> _WHAT THIS TASK INVOLVES_
Repeat the records below verbatim and include no pictures.

> _DATA TO EXAMINE_
^^^^
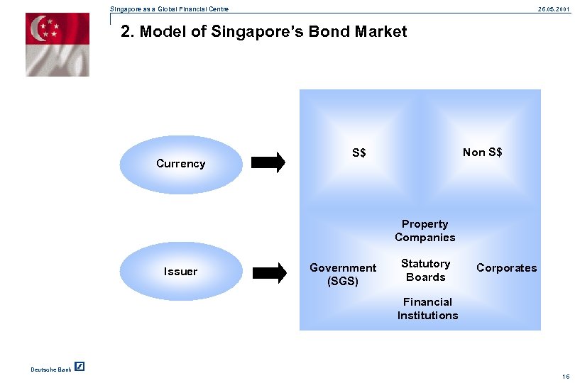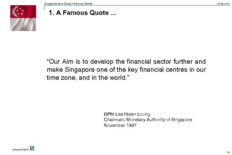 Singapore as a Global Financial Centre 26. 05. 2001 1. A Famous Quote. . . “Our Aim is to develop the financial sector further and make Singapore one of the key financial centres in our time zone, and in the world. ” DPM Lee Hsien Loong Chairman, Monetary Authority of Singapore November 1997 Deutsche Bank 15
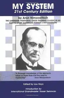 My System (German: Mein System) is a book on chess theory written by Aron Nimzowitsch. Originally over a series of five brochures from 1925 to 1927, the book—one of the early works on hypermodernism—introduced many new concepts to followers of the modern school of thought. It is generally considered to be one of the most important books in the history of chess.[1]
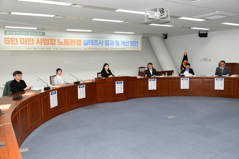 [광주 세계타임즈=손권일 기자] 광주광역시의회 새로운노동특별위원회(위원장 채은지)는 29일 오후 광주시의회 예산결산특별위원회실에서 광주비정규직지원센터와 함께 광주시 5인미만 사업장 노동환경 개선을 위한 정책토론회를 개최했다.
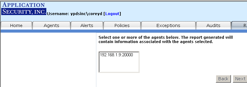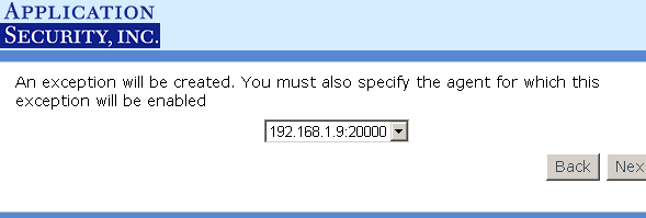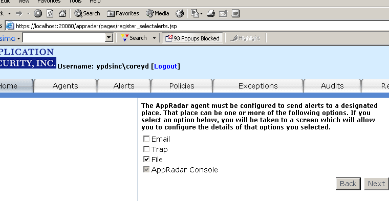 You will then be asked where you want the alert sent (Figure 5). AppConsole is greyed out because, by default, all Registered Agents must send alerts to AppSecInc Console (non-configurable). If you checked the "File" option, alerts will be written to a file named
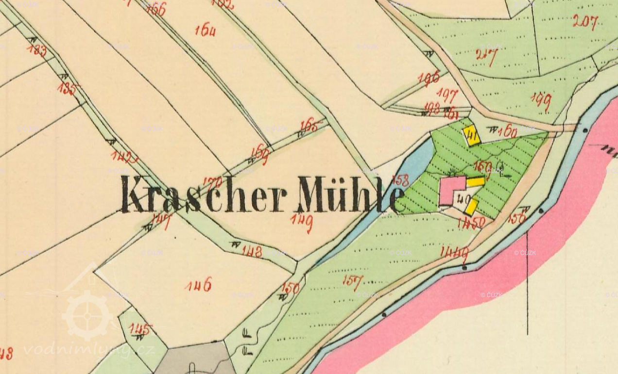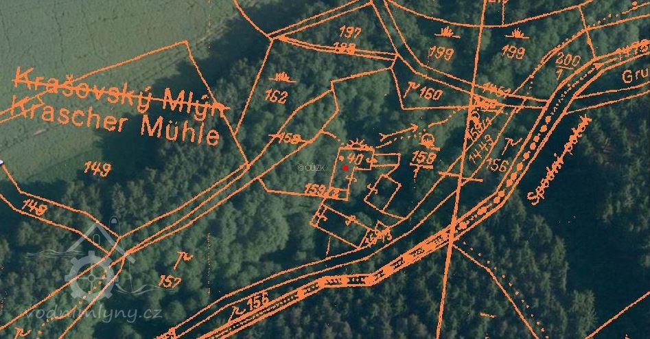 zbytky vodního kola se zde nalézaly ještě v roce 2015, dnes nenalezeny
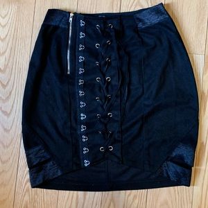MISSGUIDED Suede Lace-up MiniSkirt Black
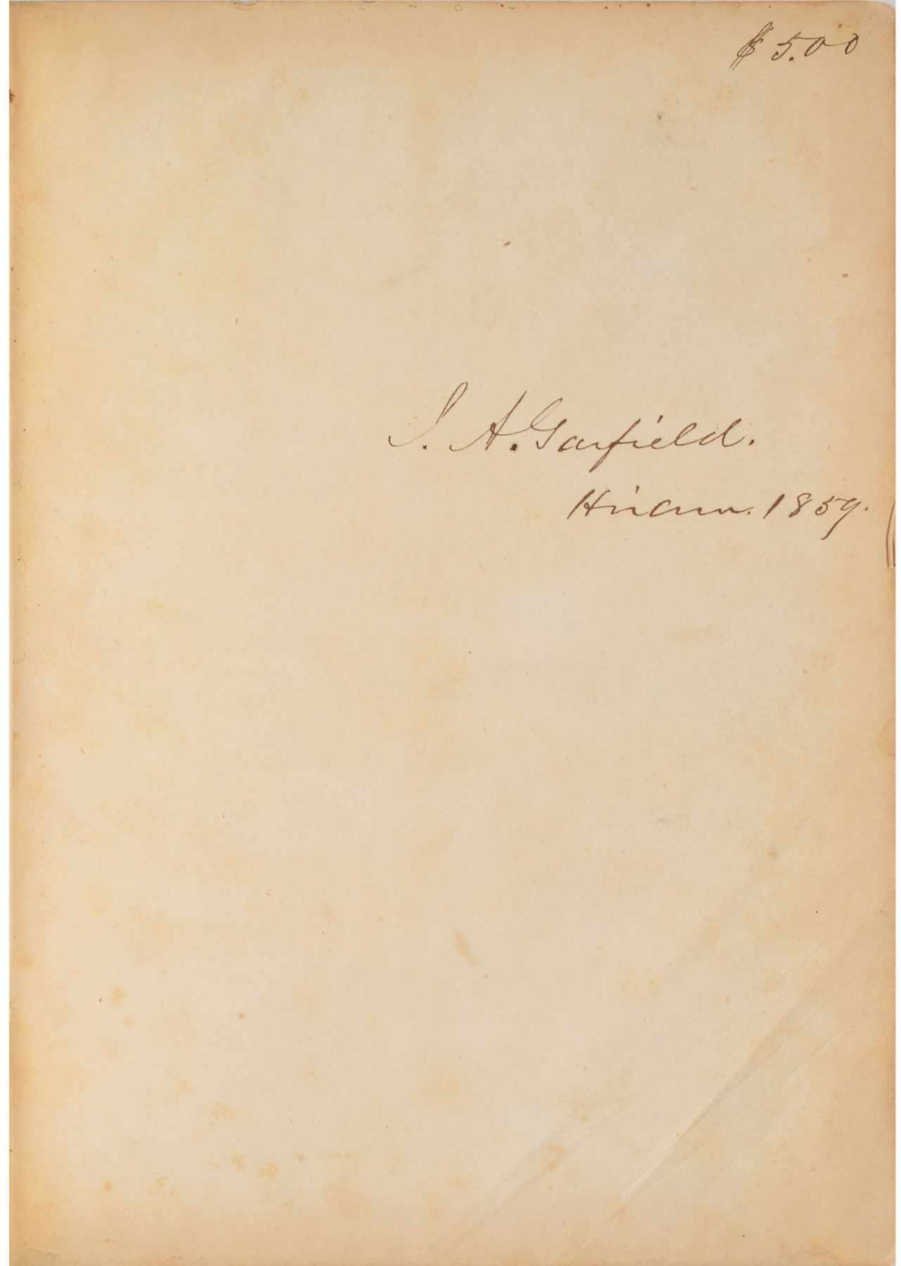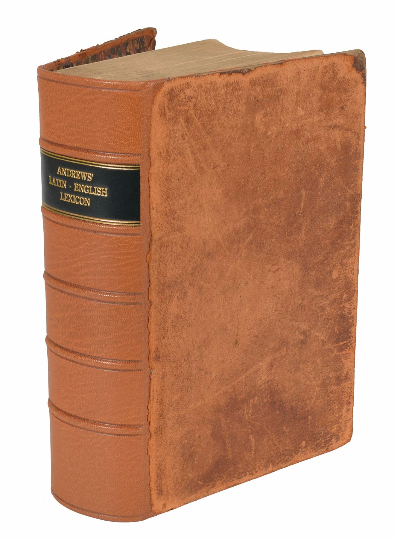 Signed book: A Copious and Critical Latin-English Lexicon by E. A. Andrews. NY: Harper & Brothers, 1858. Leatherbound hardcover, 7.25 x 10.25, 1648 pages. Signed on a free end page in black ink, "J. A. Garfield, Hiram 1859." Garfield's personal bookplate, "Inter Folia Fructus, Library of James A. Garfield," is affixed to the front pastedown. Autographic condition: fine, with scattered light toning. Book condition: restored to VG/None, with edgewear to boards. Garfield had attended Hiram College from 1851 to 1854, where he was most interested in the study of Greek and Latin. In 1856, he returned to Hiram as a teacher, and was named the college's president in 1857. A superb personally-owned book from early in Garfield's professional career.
^^^^
> _ANSWER SPACE_
 Singapore as a Global Financial Centre 26. 05. 2001 1. A Famous Quote. . . “Our Aim is to develop the financial sector further and make Singapore one of the key financial centres in our time zone, and in the world. ” DPM Lee Hsien Loong Chairman, Monetary Authority of Singapore November 1997 Deutsche Bank 15
 My System (German: Mein System) is a book on chess theory written by Aron Nimzowitsch. Originally over a series of five brochures from 1925 to 1927, the book—one of the early works on hypermodernism—introduced many new concepts to followers of the modern school of thought. It is generally considered to be one of the most important books in the history of chess.[1]
 [광주 세계타임즈=손권일 기자] 광주광역시의회 새로운노동특별위원회(위원장 채은지)는 29일 오후 광주시의회 예산결산특별위원회실에서 광주비정규직지원센터와 함께 광주시 5인미만 사업장 노동환경 개선을 위한 정책토론회를 개최했다.
 You will then be asked where you want the alert sent (Figure 5). AppConsole is greyed out because, by default, all Registered Agents must send alerts to AppSecInc Console (non-configurable). If you checked the "File" option, alerts will be written to a file named
 zbytky vodního kola se zde nalézaly ještě v roce 2015, dnes nenalezeny
MISSGUIDED Suede Lace-up MiniSkirt Black
 Signed book: A Copious and Critical Latin-English Lexicon by E. A. Andrews. NY: Harper & Brothers, 1858. Leatherbound hardcover, 7.25 x 10.25, 1648 pages. Signed on a free end page in black ink, "J. A. Garfield, Hiram 1859." Garfield's personal bookplate, "Inter Folia Fructus, Library of James A. Garfield," is affixed to the front pastedown. Autographic condition: fine, with scattered light toning. Book condition: restored to VG/None, with edgewear to boards. Garfield had attended Hiram College from 1851 to 1854, where he was most interested in the study of Greek and Latin. In 1856, he returned to Hiram as a teacher, and was named the college's president in 1857. A superb personally-owned book from early in Garfield's professional career.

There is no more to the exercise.